Source records
- Opening Delimiter -

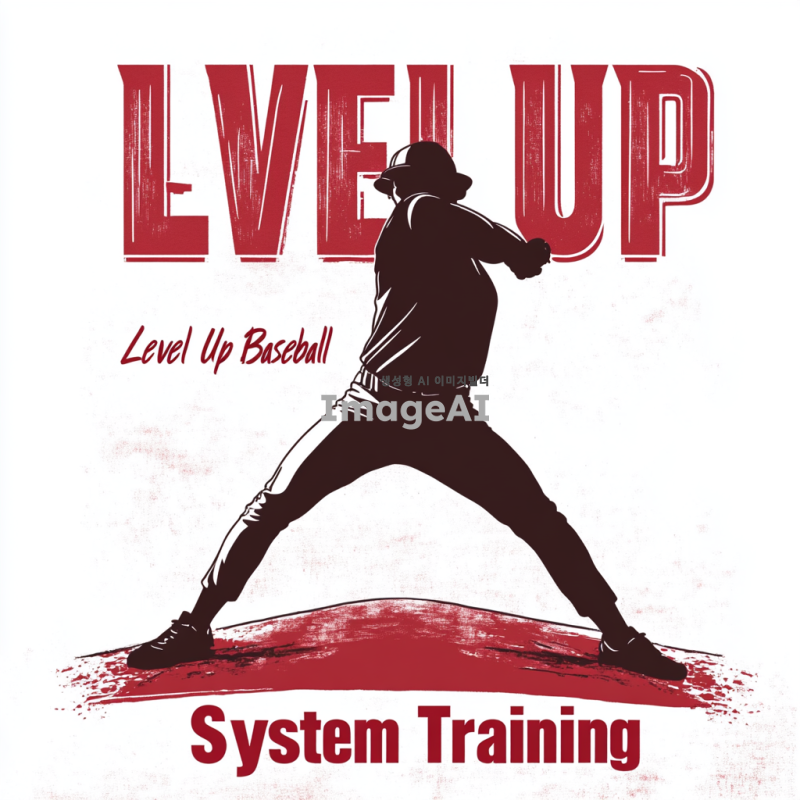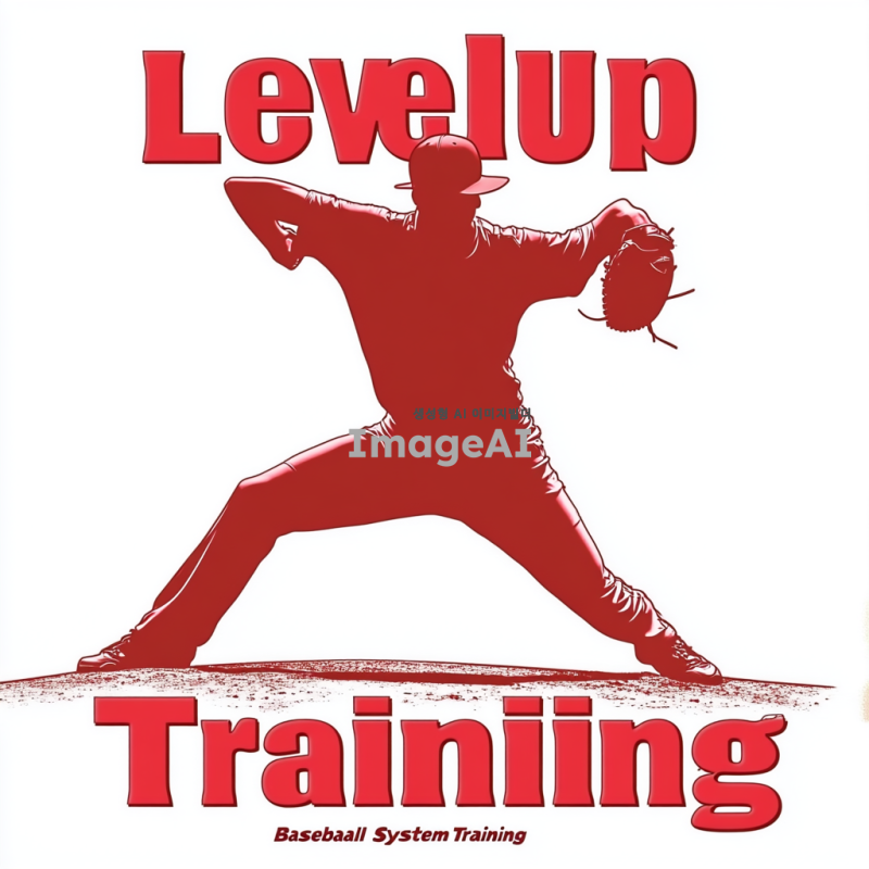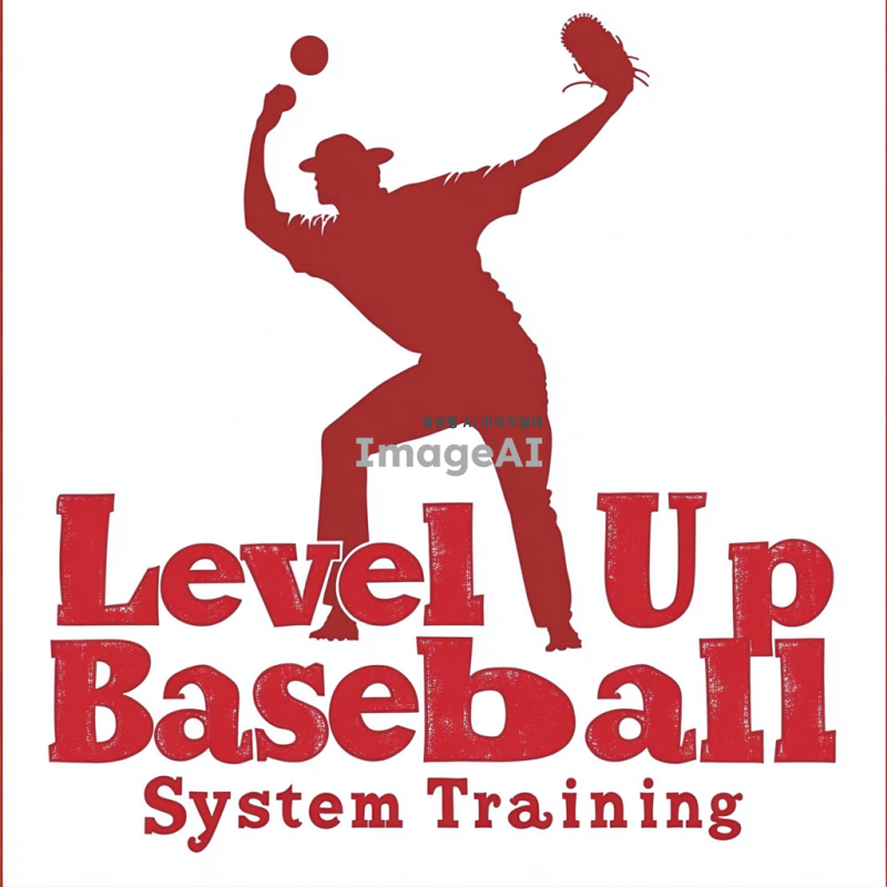 빨간색 글자로 크게 Level Up Baseball System과 작은 글자로 밑에 Training이라는 글자.
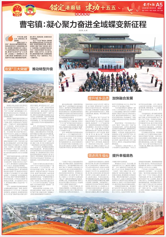 刚刚过去的“十四五”,是金东区曹宅镇抢抓机遇、争先进位的五年,也是取得重大成就、实现重大跨越的五年,全镇上下认真贯彻落实市委、区委决策部署,聚焦平台项目产业“三大突破”,主动融入“一轴两廊三片、倚山拥江揽湖”发展新格局,全力打造浙中大花园、建设最美共富带,凝心聚力、锐意进取,全镇综合实力显著增强。
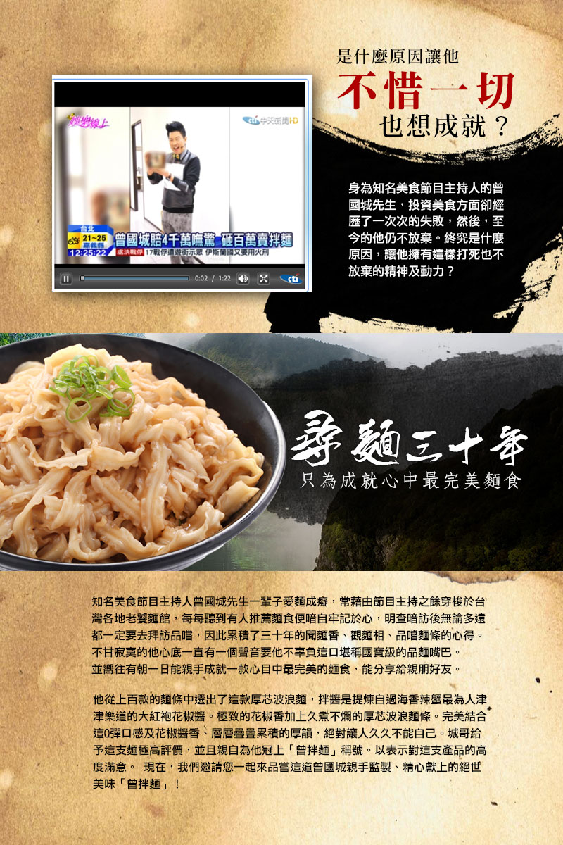 在台灣,曾國城等於「美食」的代名詞,他說這個東西好吃,沒人敢懷疑。主持過大小美食節目的他,嚐遍各國美食,獨獨衷愛「麵」,累積了30年聞麵香、觀麵相、品麵嚐的心得,更心心念念的是如何讓大家吃到值得期待的麵。於是,「曾拌麵」在他的堅持之下誕生了。
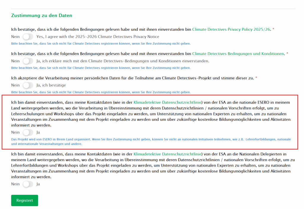 Wichtiger Hinweis zur Anmeldung: bitte stimmen Sie bei folgendem Punkt zu, damit wir Ihre Kontaktdaten bekommen, und Sie zu den Expert*innen-Talks, Feedbackrunden, Climate Detectives Summit, usw. einladen können!
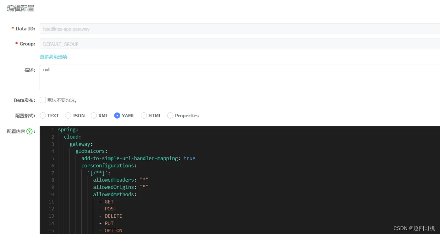在nacos的配置中心创建dataid为headlines-app-gateway的yml配置
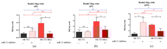 The Rankl/Opg ratio determined in experimental osteogenic cultures on days 3 (a), 7 (b), and 15 (c). Significant differences are indicated with asterisks (* p < 0.05 and *** p < 0.001), while non-significant differences are marked as ns. The comparisons between groups are marked with square brackets.
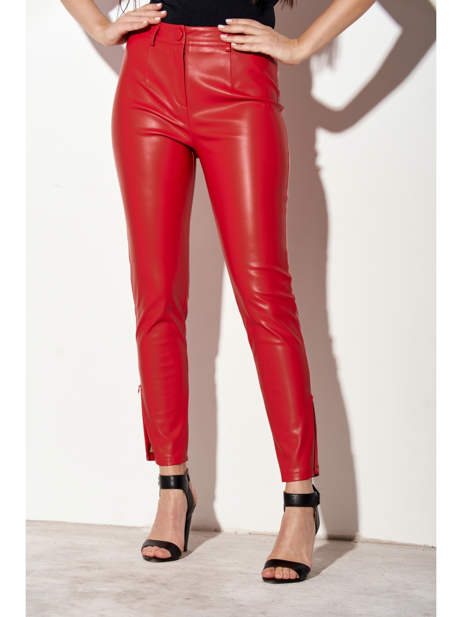 Брюки легинсы женские прилегающего силуэта с притачным поясом-обтачкой выполнены из мягкой ЭКО-кожи на замшевой основе; застежка на молнию, петлю и пуговицу; внизу вставлены функциональные потайные молнии.

- Closing Delimiter -

TASK STATEMENT: Your task is to write out, exactly and without pictures, only the lines from the one holding "Wichtiger Hinweis zur" to the last line of the data.

WRITTEN SOLUTION:
 Wichtiger Hinweis zur Anmeldung: bitte stimmen Sie bei folgendem Punkt zu, damit wir Ihre Kontaktdaten bekommen, und Sie zu den Expert*innen-Talks, Feedbackrunden, Climate Detectives Summit, usw. einladen können!
在nacos的配置中心创建dataid为headlines-app-gateway的yml配置
 The Rankl/Opg ratio determined in experimental osteogenic cultures on days 3 (a), 7 (b), and 15 (c). Significant differences are indicated with asterisks (* p < 0.05 and *** p < 0.001), while non-significant differences are marked as ns. The comparisons between groups are marked with square brackets.
 Брюки легинсы женские прилегающего силуэта с притачным поясом-обтачкой выполнены из мягкой ЭКО-кожи на замшевой основе; застежка на молнию, петлю и пуговицу; внизу вставлены функциональные потайные молнии.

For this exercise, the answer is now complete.